The second reason is that his argument seems highly reductionistic of the dynamic of social identity and values in war. It is here, confronted with life and death, that his premise of rational self-interested actors seems most at odds with anthropological reality. People are willing to die to protect their homeland and those they love, or for deeply embedded cultural myths (in the defining story sense) such as freedom, or the triumph of the Fatherland, or to purge infidels from holy ground. Mercenaries with no personal investment may be willing to fight at a high price, but survival is their chief interest: death annuls all benefit. I know Marines for whom their own death was a cost they were willing to pay for their country and loved ones; a mercenary without such an incentive may not fight to the death in the same desperate way as one protecting a loved one or an ideal. When utilitarian self-interest dominates, breaking contract and surviving may be a lesser risk than fighting a greater force; the loser will not be in a position to sue. One will rarely transcend oneself for a contract alone.

Murphy, Robert. (2002.) Chaos Theory. New York: RJC Communications.

* This is adapted from a series of one page papers I wrote for an independent study in micro- and macroeconomics; the material included the excellent text The Economic Way of Thinking by Heyne, Boettke, and Prychitko, as well as several texts I brought in from communitarian, market anarchy, and experimental economic perspectives.

2 Responses

  1. Robert

    I know first hand about fighting with mercenaries. What they lack in personal investment pale in comparison to their professionalism. Money is a huge incentive. Fear of failing in the eyes of their peers injects incentives more important to the mercenary than money; however, the incentive of the pot of gold at the end of the rainbow pushes the mercenary to victory.

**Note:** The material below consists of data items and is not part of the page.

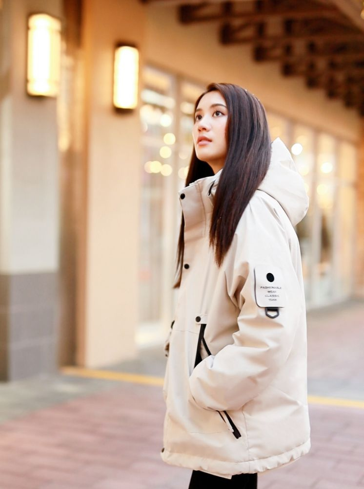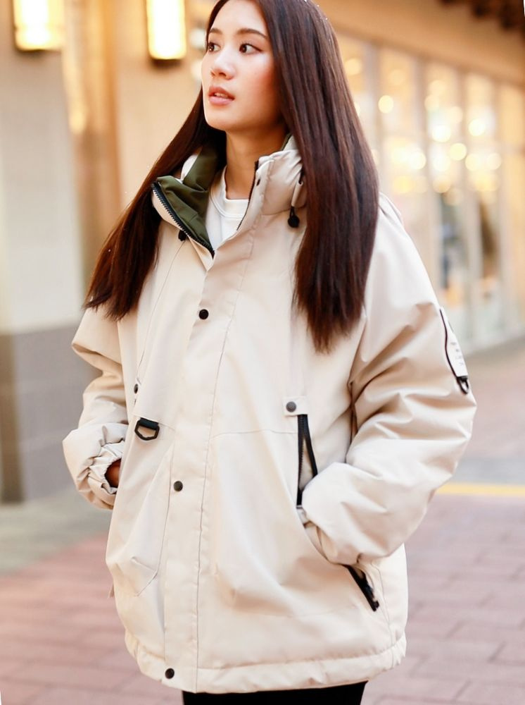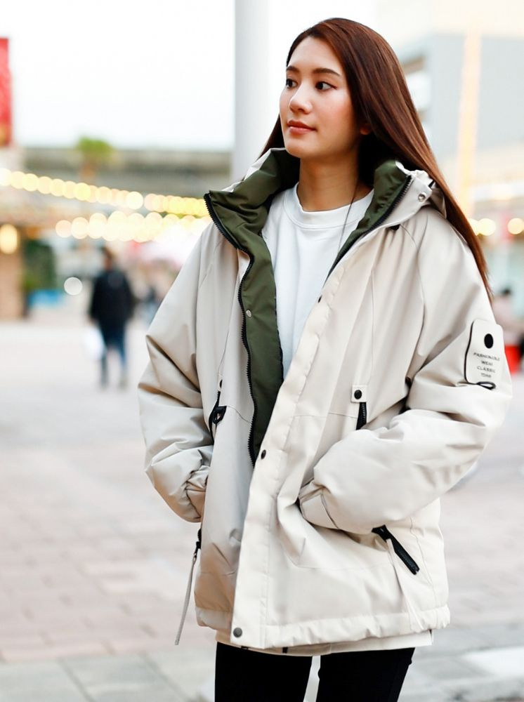 升溫防水羽棉外套-米白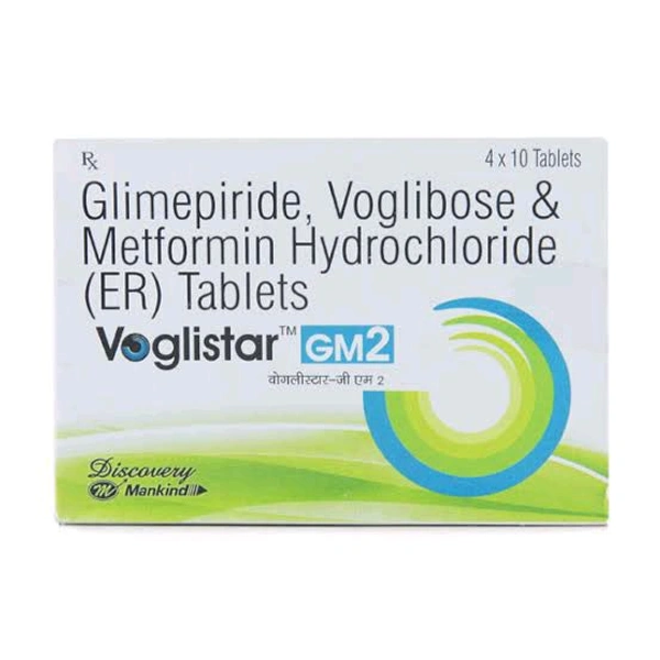 Voglistar GM2 Tablet is used to treat type 2 diabetes mellitus. It acts by increasing the amount of insulin released by the pancreas. Thus, prevent the blood glucose levels from rising to very high levels and keeps your diabetes under control. It may cause certain common side effects such as hypoglycaemia (low blood glucose levels), taste change, nausea, diarrhoea, stomach pain, headache, and upper respiratory symptoms. Before taking this medicine, you should tell your doctor if you are allergic to any of its components or if you are pregnant/breastfeeding, and about all the medications you are taking and pre-existing medical conditions.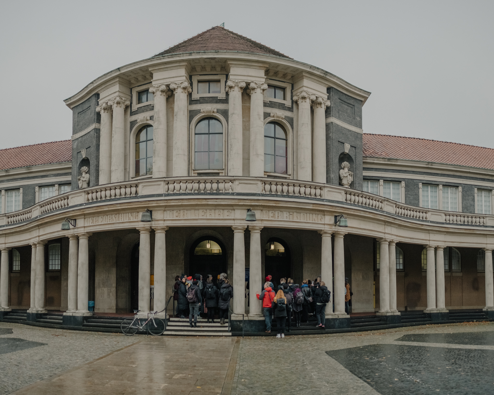 The final point of reference was the Christus and Garrison Church, where two ‘Denkwege Zeichnungen’ were displayed over marble plaques commemorating the ‘heroic death’ of German colonialism. Seven additional plaques were also covered in black felt. Through the act of covering and revealing, a critical space—the ‘colonial space of thought’—is opened, inviting reflection on how discourses and images of violence are normalized in public space. Since public space functions as a site of collective memory that produces cultural values, the gesture emphasizes the impact of these images when encountered repeatedly.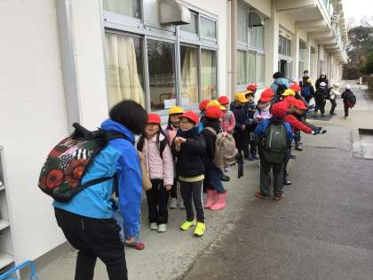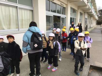 1年生は「トヨタの森」へバスで出かけました。出かけるときに雪がたくさん降ってきて、子どもたちは大喜びでした。寒さに負けず元気に出発していきました。
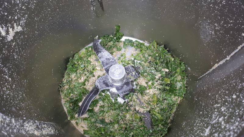 - Ajouter la farine, 5 g d’huile d’olive,le basilic, la ciboulette et le persil et mixer 10sec/Vit3. Transvaser le crumble dans un récipient et réserver.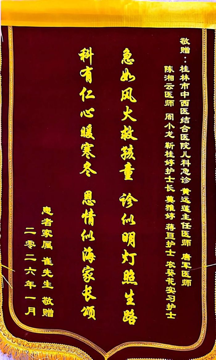 事后,患儿父亲书写了感谢信并制作了一面鲜红的锦旗送至医院,上面写着“急如风火救孩童,诊似明灯照生路,科有仁心暖寒冬,恩情似海家长颂”,以表达对儿科医护团队的深深感激。这份荣誉不仅是对儿科医护人员专业能力的认可,更是对他们仁心仁术的最好褒奖。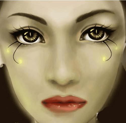 5、这步好像快了点。眼睛的高光很重要,有神没神就看它了,其实我有时也拿捏不好,会一直尝试。这时候低透的橡皮是我的最爱,或者用淡色打底,再用减淡工具点出最亮的地方。触须下面的发光体比较方便,画泪珠状,再侧面画一点点白色,用有模糊外圈的画笔(大点)点几下就行。

Therefore, victory is the incentive.

  2. Michael Brennen

    Interesting. That is not my world, but I think I understand what you are saying. I may have misrepresented the mercenary.

    I think I would still stand by my statement with regard to Murphy’s reductionist view of war. For example, I do not think a contract mercenary army could have won WWII; the scope was too large, and it took the fully dedicated resources of entire countries to win. My older relatives in the war went out of a sense of duty and protecting their families and country; essentially no amount of money could have incentivized their commitment.